I am looking for a sounding board on ways to optimise my interest income and minimise my tax liability by leveraging my ISAs & SIPPs as I am about to rebalance my portfolio and introducing some bonds/gilts in it. 

Currently 100% of my invested assets are invested in stocks (combination of FTSE100, Global and Europe index ETFs) - with nothing invested in bonds. This is primarily because the yields were terrible up to now and my risk profile was high as I still have 10+ years until retirement. 
Also frankly, the dividend payments I have been receiving across my investments have been averaging 3.25% which was much better than what interest & bond yields would earn. So I didn’t see the need to invest in bonds - which has turned out to be a good decision up to now.

Following the recent surge in interest rates, I am currently earning between 3 to 4% on my savings accounts but this is all subject to income tax. I am looking for a way to rebalance my SIPPs and ISAs investment to take advantage of those higher yields without being taxed as much if I can avoid it, which would then allow me to invest the cash currently in those savings account into accumulating ETFs and hence minimising tax payment on dividends. 

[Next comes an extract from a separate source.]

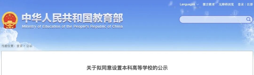 关于拟同意设置本科高等学校的公示
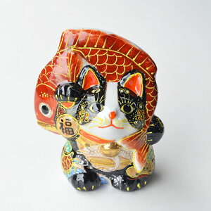 サイズ:幅12cm×奥行13cm×高さ23cm 箱:紙箱 商売繁盛や良縁を招くと言われる左手を挙げた、九谷焼の華やかな招き猫です。愛らしい表情の全身には、日本の縁起物が描かれています。 祝鯛:「めでたい」に通じる縁起物として...

Given that all the gilts and corporate bonds ETFs I can find are averaging a yield between 1.8-2.5% which is way below my dividend yield, I am contemplating investing in a few individual FTSE100 corp bonds (eg Tesco, Vodafone, Lloyds bank etc…). The yield to maturity on those at the moment seems to be around 5-6%. 

Are there any other way to take advantage of those higher interests / bond yields within ISA/SIPP?

i would be looking at rebalancing roughly £400k and holding those investments to maturity not to be subject to yield curve oscillations. 

As a result of those higher interest paying investment being paid into tax free accounts (SIPPs/ ISAs), I would be investing my remaining cash balance into accumulating ETFs and therefore minimising my tax liability on interest/dividend payments. 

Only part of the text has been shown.